The invention belongs to the field of visual odometers in the field of computer vision, and particularly relates to an automatic design system and method for a neural network.

Background

Visual Odometer (VO) is a critical task in the field of autopilot and robotics, aimed at estimating camera pose from successive frames. The conventional VO task is a typical geometrical task, and the pose is obtained by using the matching of feature points or pixels to perform strict computation. With the rapid development of CNNs (Convolutional Neural Networks ) and RNNs (recurrent neural network, recurrent neural networks) in visual tasks, more and more end-to-end network frameworks are also applied in VO tasks.

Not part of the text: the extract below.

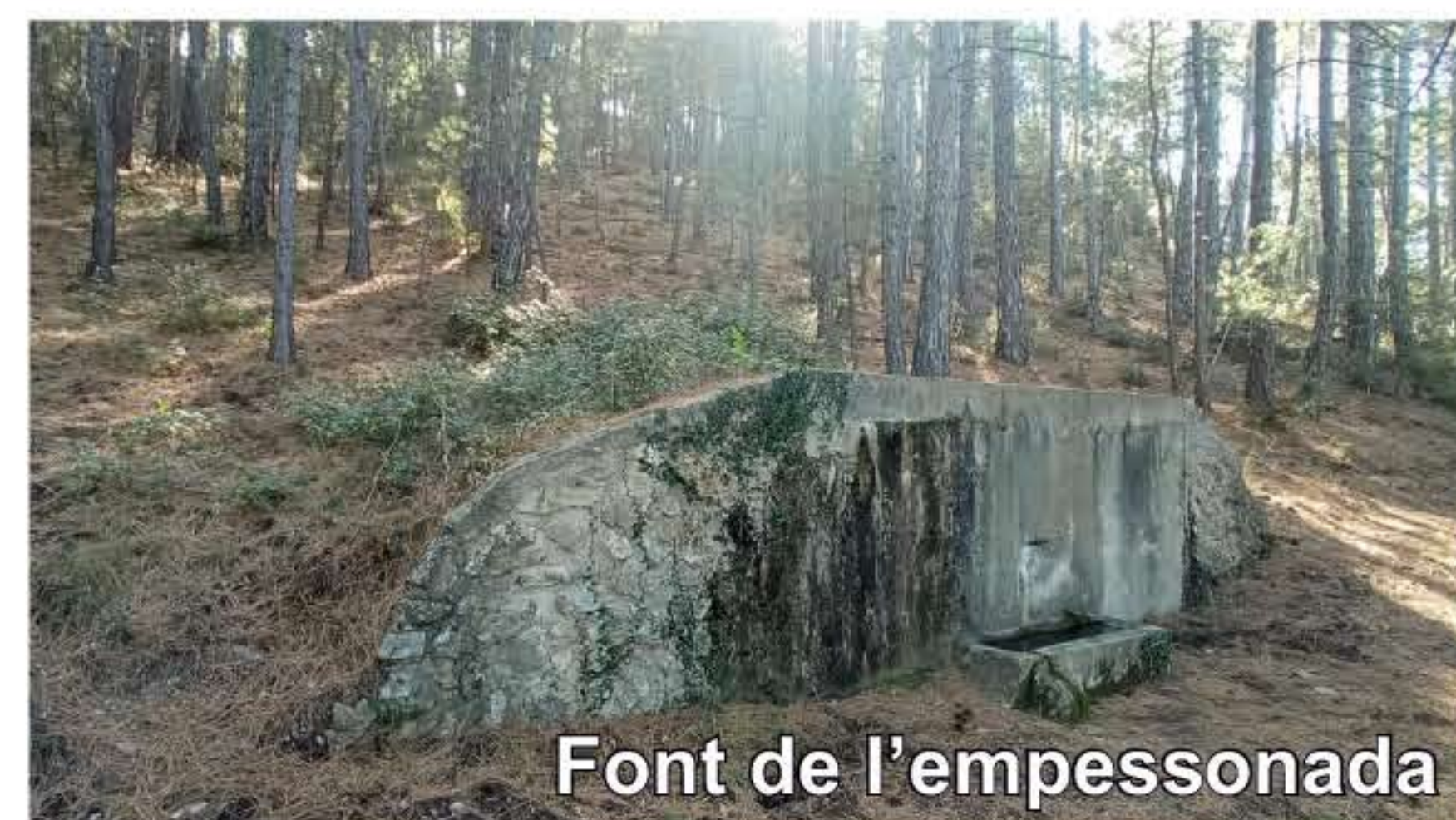
Font de l'empessonada

In a deep learning-based framework, VO tasks are distinguished as video regression tasks from semantic-based visual tasks (e.g., image classification, object detection). First, the VO task predicts a 6-DoF (degree of freedom, degrees of freedom) camera pose, focusing more on the geometric feature stream than on the semantic features. The camera motion cannot be accurately calculated merely by semantic information, such as simply detecting or identifying objects in the image. Secondly, the VO task needs to process at least two pictures simultaneously to calculate the relative pose, pays attention to the extraction capability of the VO task to time sequence characteristics, is sensitive to the input sequence of the images, and means that the input sequence is different, and the prediction results are also different.

The automatic design of a model for a VO task is performed by using a neural network architecture search (Neural Architecture Search, abbreviated as NAS) nowadays, and the selection of a lightweight model suitable for extracting geometric features and timing features is an innovative and very challenging attempt. However, as described above, the requirement of geometric feature extraction can be solved by the model automatic design of NAS, but NAS cannot process the timing information.

Disclosure of Invention

The invention aims to solve the technical problem that the prior NAS cannot process time sequence information.

In order to solve the above problems, the present invention provides an automatic design system and method for a neural network.

The technical scheme adopted by the invention is as follows:

an automatic design method of a neural network comprises a super-network structure and a controller model, and comprises the following steps:

s1, preparing a video sequence containing video data and real camera pose data;

s2, extracting a video segment V1 from the video sequence of the S1, forming training batch data by the video segment V1, uniformly sampling each block operation of the super-network structure, selecting the operation of the training batch, forming a path after the selection is completed, wherein the path is a sub-network model, sequentially inputting two adjacent frames of images in the V1 into the sub-network model according to time sequence to obtain a pose sequence between the image frames, calculating an error by using a loss function, and updating network parameters until the loss function is not reduced;

s3, outputting operands selected by each block by using a controller model to generate codes of sub-models, extracting video segments v2 and corresponding real camera pose data from the video sequence of the S1 according to video time sequence by adopting the network parameters iterated in the S2, inputting v2 into the sub-models to obtain predicted poses, comparing the predicted poses with the real camera poses, calculating to obtain segment evaluation indexes, repeating the operation of the S3 until the complete video sequence is extracted, and calculating all segment evaluation indexes to obtain final evaluation indexes of the sub-models;

s4, carrying out parameter updating on the controller model parameters by utilizing the final evaluation index of the submodel obtained in the S3, and repeating the S3 until the set iteration number is reached or the performance of the submodel is not improved;

s5, outputting n submodels by using a controller, and picking out the submodel with the best final evaluation index as a final output result.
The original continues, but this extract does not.